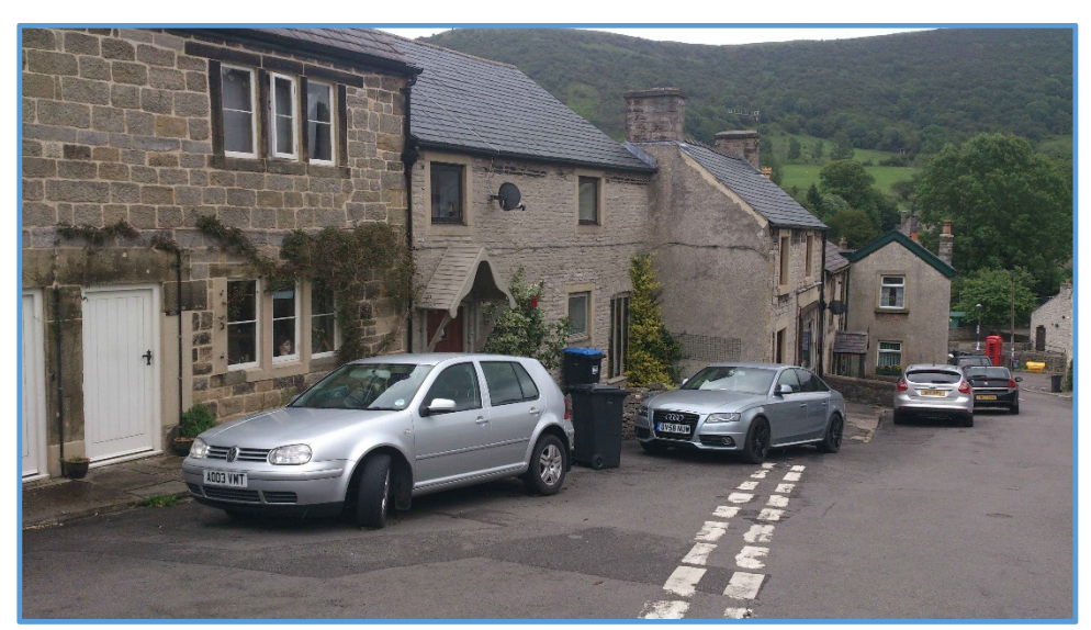
North side of Yard Head, Bradwell
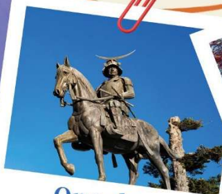
One-day Sendai Tour
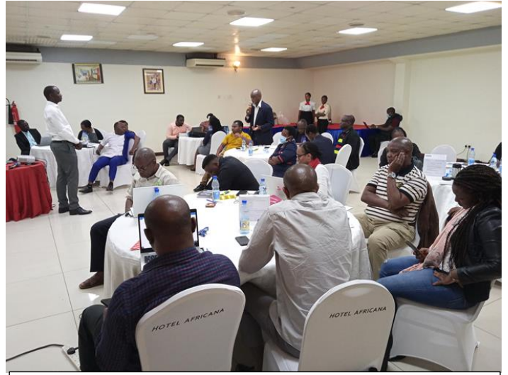
Debriefing the delegates after the Busia field visit

AMICAALL in partnership with MOH and UNFPA carried out activities including Validation of the National Condom and Costed Implementation Plan, Condom Advocacy Plan Training, Harmonizing condom training materials, validation of Condom Training Materials and costed monitoring and evaluation plans. The activities were attended by about 400 participants and were facilitated by consultants knowledgeable in the areas. The participants included AMICAALL staff, MOH staff, CSOs – PACE, AIC, FHI.
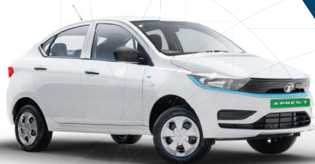
Breakfree coupe-inspired roof line
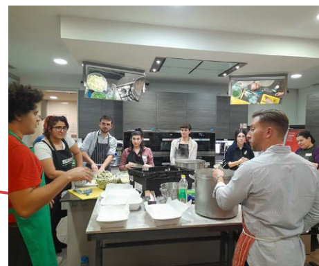
Jewish Volunteering Network
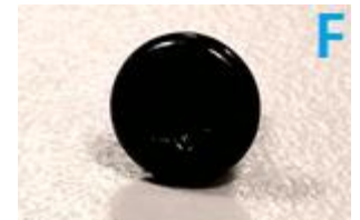
#6-32 Security Screw Quantity: 1 Use: Securing chassis onto bracket
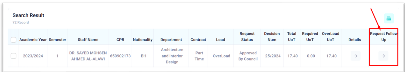
Figure 6 – Request Follow up
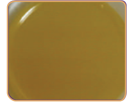
Rilefast CE Spray suspension
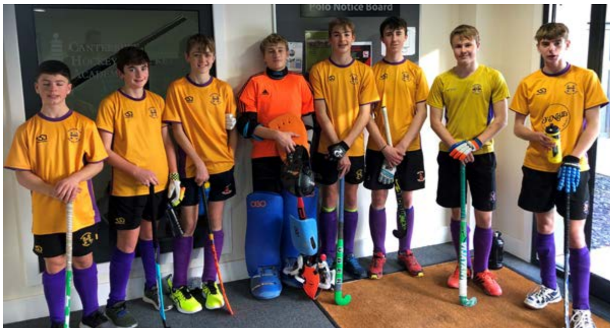
U16 Boys Indoor Team
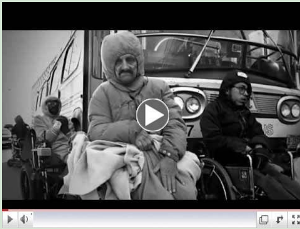
Trailer to the movie: "Lives Worth Living"

For more information about the film, visit the Independent Television Service website .
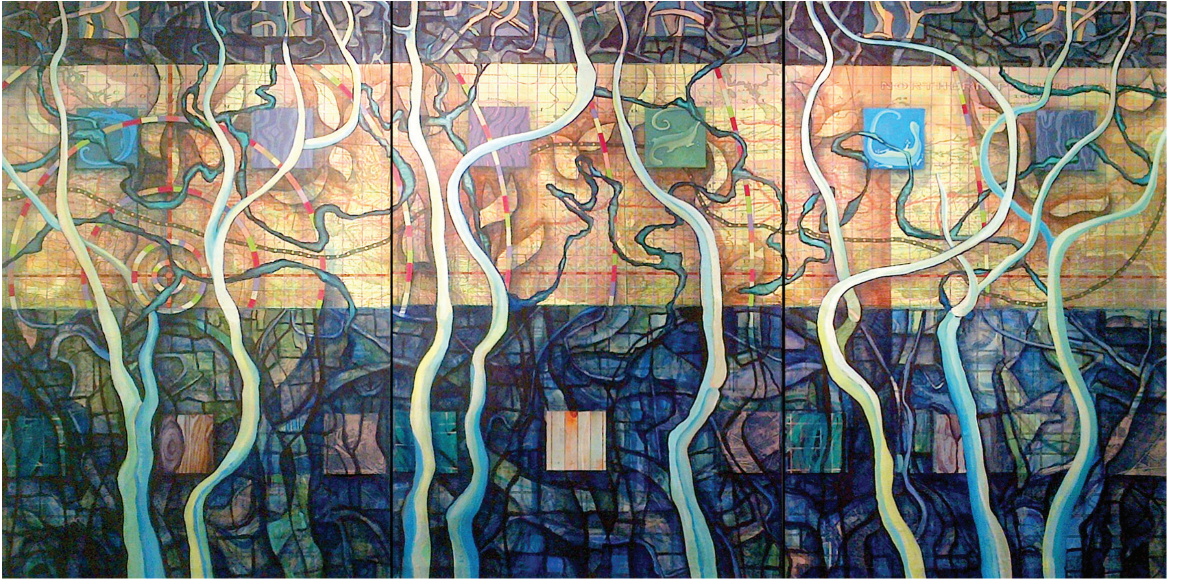
Northern Pacific 2014 Relief collograph, screen inks, oil crayons, colored pencils, collage 60 x 120 inches
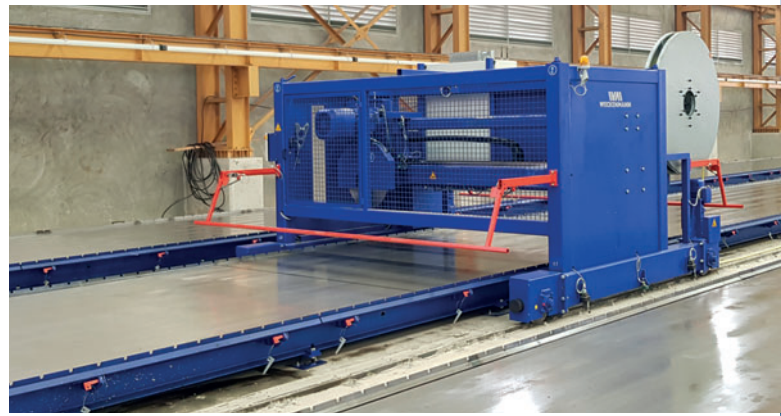
Tensioning strand saw

The transverse shutters are slotted for the continuous tensioning strands, over which they are placed. For the detensioning of the parts the transverse shutters are resilient so that they can absorb the detensioning pressure. After curing they are stripped by means of special spreader bars above the utility cart.

========================================

* **Work task**:
Give again, word for word, the line that contains "For more information" and every line after it through the end of the entries; omit the pictures.

* **Written response**:
For more information about the film, visit the Independent Television Service website .
Northern Pacific 2014 Relief collograph, screen inks, oil crayons, colored pencils, collage 60 x 120 inches
Tensioning strand saw

The transverse shutters are slotted for the continuous tensioning strands, over which they are placed. For the detensioning of the parts the transverse shutters are resilient so that they can absorb the detensioning pressure. After curing they are stripped by means of special spreader bars above the utility cart.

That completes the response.